Main Paper (Open Access Version): https://papers.miccai.org/miccai-2025/paper/0670_paper.pdf

SharedIt Link: Not yet available

SpringerLink (DOI): Not yet available

Supplementary Material: Not Submitted

Link to the Code Repository

https://github.com/HKU-MedAI/HyperPath

Link to the Dataset(s)

N/A

BibTex

@InProceedings{HuaPei_HyperPath_MICCAI2025,
        author = { Huang, Peixiang and Huang, Yanyan and Zhao, Weiqin and He, Junjun and Yu, Lequan},
        title = { { HyperPath: Knowledge-Guided Hyperbolic Semantic Hierarchy Modeling for WSI Analysis } },
        booktitle = {proceedings of Medical Image Computing and Computer Assisted Intervention -- MICCAI 2025},
        year = {2025},
        publisher = {Springer Nature Switzerland},
        volume = {LNCS 15964},
        month = {September},
        page = {261 -- 271}
}


Reviews

Review #1

  • Please describe the contribution of the paper

    (1) The paper proposes the HyperPath framework, which integrates hyperbolic space with vision-language models to model the multi-level semantic structure of whole slide images (WSIs). (2) The paper introduces two key loss functions: Angular Modality Alignment Loss and Semantic Hierarchy Consistency Loss, designed for cross-modal alignment and semantic hierarchy modeling, respectively. (3) The paper implements a classifier-free classification mechanism, using geodesic distance for slide-level prediction, which avoids traditional linear classifiers and enhances geometric consistency and generalization.
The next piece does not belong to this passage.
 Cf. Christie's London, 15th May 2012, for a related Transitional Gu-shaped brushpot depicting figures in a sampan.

  • Please list the major strengths of the paper: you should highlight a novel formulation, an original way to use data, demonstration of clinical feasibility, a novel application, a particularly strong evaluation, or anything else that is a strong aspect of this work. Please provide details, for instance, if a method is novel, explain what aspect is novel and why this is interesting.
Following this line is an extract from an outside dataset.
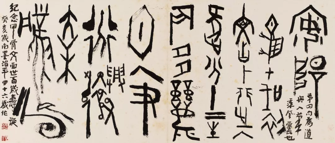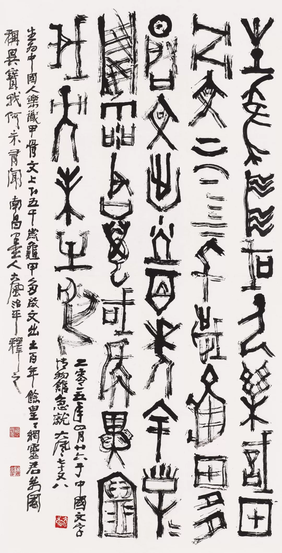 魏治平的甲骨文作品大膽構(gòu)思,探尋先祖造字奧秘。觀其書法,已經(jīng)不僅僅是寫,而是用巧妙的結(jié)構(gòu)、對文字進行解構(gòu),形成一個整體藝術(shù)品。有的字甚至可以根據(jù)其落筆的重點、長短等,唱出古曲。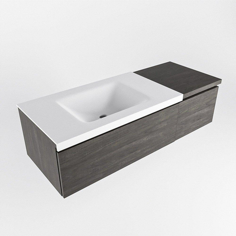 Si vous recherchez un meuble de salle de bains moderne qui dégage de la chaleur et rend votre salle de bains immédiatement bien organisée, alors cette combinaison est un choix judicieux. La largeur généreuse de 120 cm offre beaucoup d'espace, tandis que le module supplémentaire de 40 cm est idéal si vous souhaitez un peu plus d'espace de rangement sans que votre salle de bains paraisse encombrée. La teinte de bois foncé s'intègre parfaitement dans une salle de bains moderne, style hôtel chic ou industrielle et se marie bien avec des carreaux aussi bien clairs que foncés. Grâce au lavabo intégré à gauche, vous pouvez positionner le robinet de manière logique et créer, par exemple, plus d'espace libre de dépose à droite pour les objets du quotidien. Ce meuble donne le meilleur de lui-même dans une salle de bains de taille moyenne à grande, ou dans un espace compact où vous souhaitez un meuble tout-en-un fort qui offre à la fois style et fonctionnalité.

    (1) The method is novel and well-structured. It is the first to combine hyperbolic geometry with hierarchical semantics in pathological image analysis, with a clear theoretical foundation. (2) It integrates cross-modal alignment with hierarchical modeling, simultaneously considering the alignment between visual and textual features and the consistency of semantic hierarchies. (3) The experiments are comprehensive and demonstrate strong generalization. The method outperforms existing approaches across multiple TCGA tasks, with stable performance in both IND and OOD settings.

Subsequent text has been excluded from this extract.